§ What is being asked
Reproduce the entries beneath exactly, without their images.

§ Material for this task
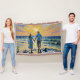 Este é um original da Habatour Creations lança cobertor, decorado com um autêntico design de ilustração artística, com um pôr do sol na praia, com duas pessoas de mãos dadas Direitos autorais de @Habatour Creations Copy ou use sem permissão é ilegal
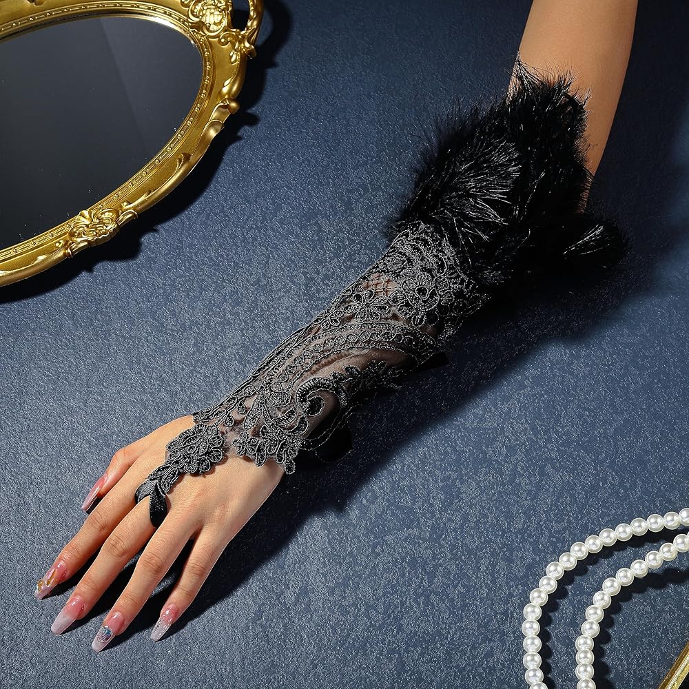 Feather lace long glove are handmade with natural feathers and lace,lightweight and breathable, and unique design will make you stand out.which features silky and smooth,It's not easy to deform.
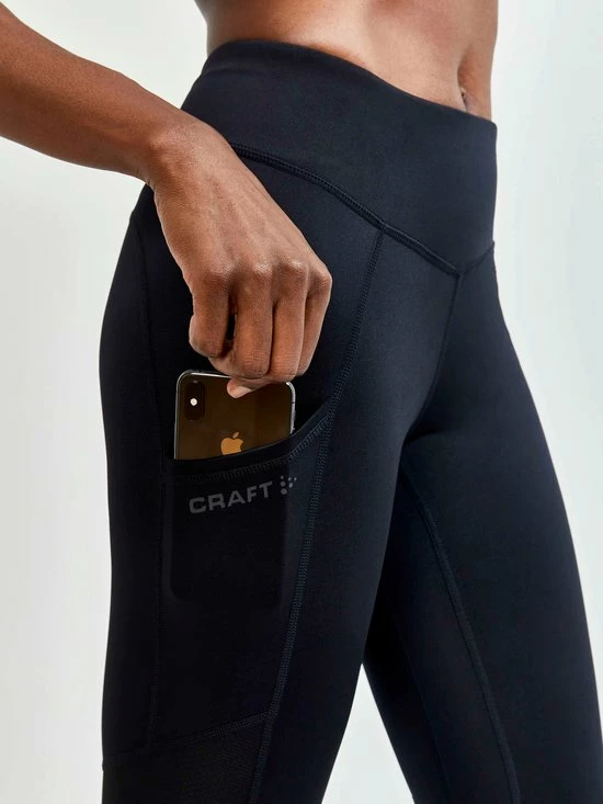 De Craft Adv Essence Tight is een van onze favoriete trainingsleggings. De leggig is gemaakt van comfortabel polyester en elastaan. De legging heeft een grote buitenzak op de pijp. De V-vormige tailleband biedt een optimaal draagcomfort aan deze trainingslegging. De mesh panelen op de achterkant bieden een uitstekende ventilatie.
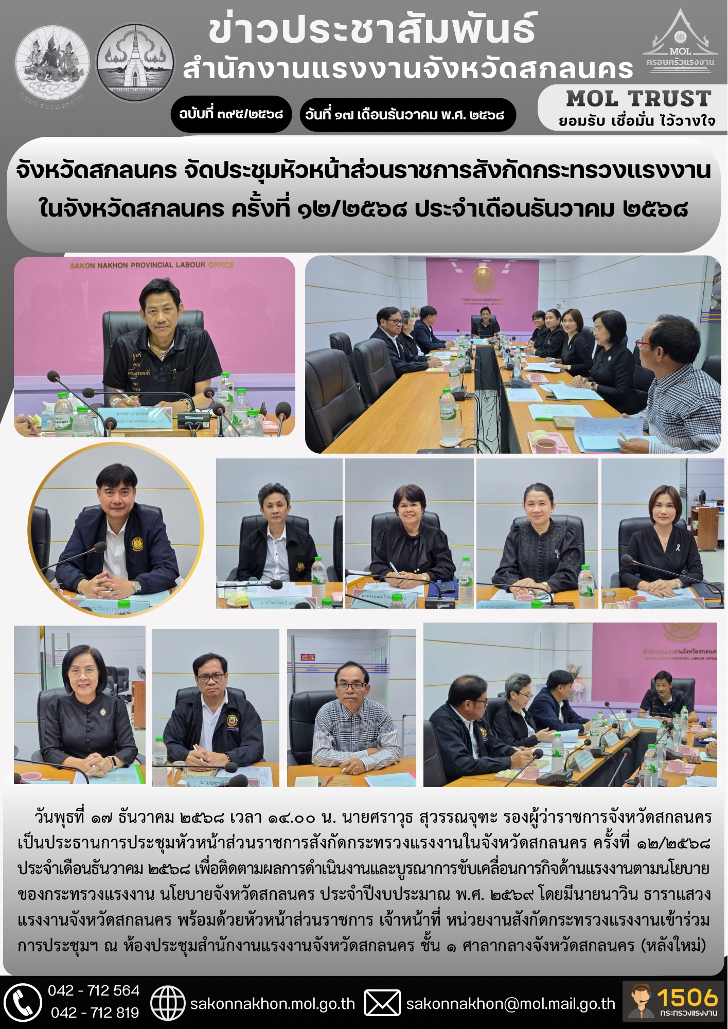 จังหวัดสกลนคร จัดประชุมหัวหน้าส่วนราชการสังกัดกระทรวงแรงงานในจังหวัดสกลนคร ครั้งที่ 12/2568 ประจำเดือนธันวาคม 2568
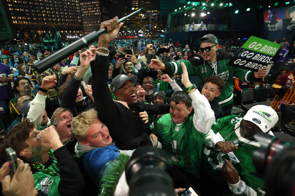 Quinyon Mitchell在2024年NFL选秀的第一轮中被费城老鹰队选中后,与球迷一起庆祝。摄影师:Gregory Shamus/Getty Images North America但在过去的两年里,底特律橄榄球终于扭转了局面。密歇根狼队赢得了大学橄榄球全国冠军,底特律狮队距超级碗仅差一场比赛。

§ The answer
 Este é um original da Habatour Creations lança cobertor, decorado com um autêntico design de ilustração artística, com um pôr do sol na praia, com duas pessoas de mãos dadas Direitos autorais de @Habatour Creations Copy ou use sem permissão é ilegal
 Feather lace long glove are handmade with natural feathers and lace,lightweight and breathable, and unique design will make you stand out.which features silky and smooth,It's not easy to deform.
 De Craft Adv Essence Tight is een van onze favoriete trainingsleggings. De leggig is gemaakt van comfortabel polyester en elastaan. De legging heeft een grote buitenzak op de pijp. De V-vormige tailleband biedt een optimaal draagcomfort aan deze trainingslegging. De mesh panelen op de achterkant bieden een uitstekende ventilatie.
 จังหวัดสกลนคร จัดประชุมหัวหน้าส่วนราชการสังกัดกระทรวงแรงงานในจังหวัดสกลนคร ครั้งที่ 12/2568 ประจำเดือนธันวาคม 2568
 Quinyon Mitchell在2024年NFL选秀的第一轮中被费城老鹰队选中后,与球迷一起庆祝。摄影师:Gregory Shamus/Getty Images North America但在过去的两年里,底特律橄榄球终于扭转了局面。密歇根狼队赢得了大学橄榄球全国冠军,底特律狮队距超级碗仅差一场比赛。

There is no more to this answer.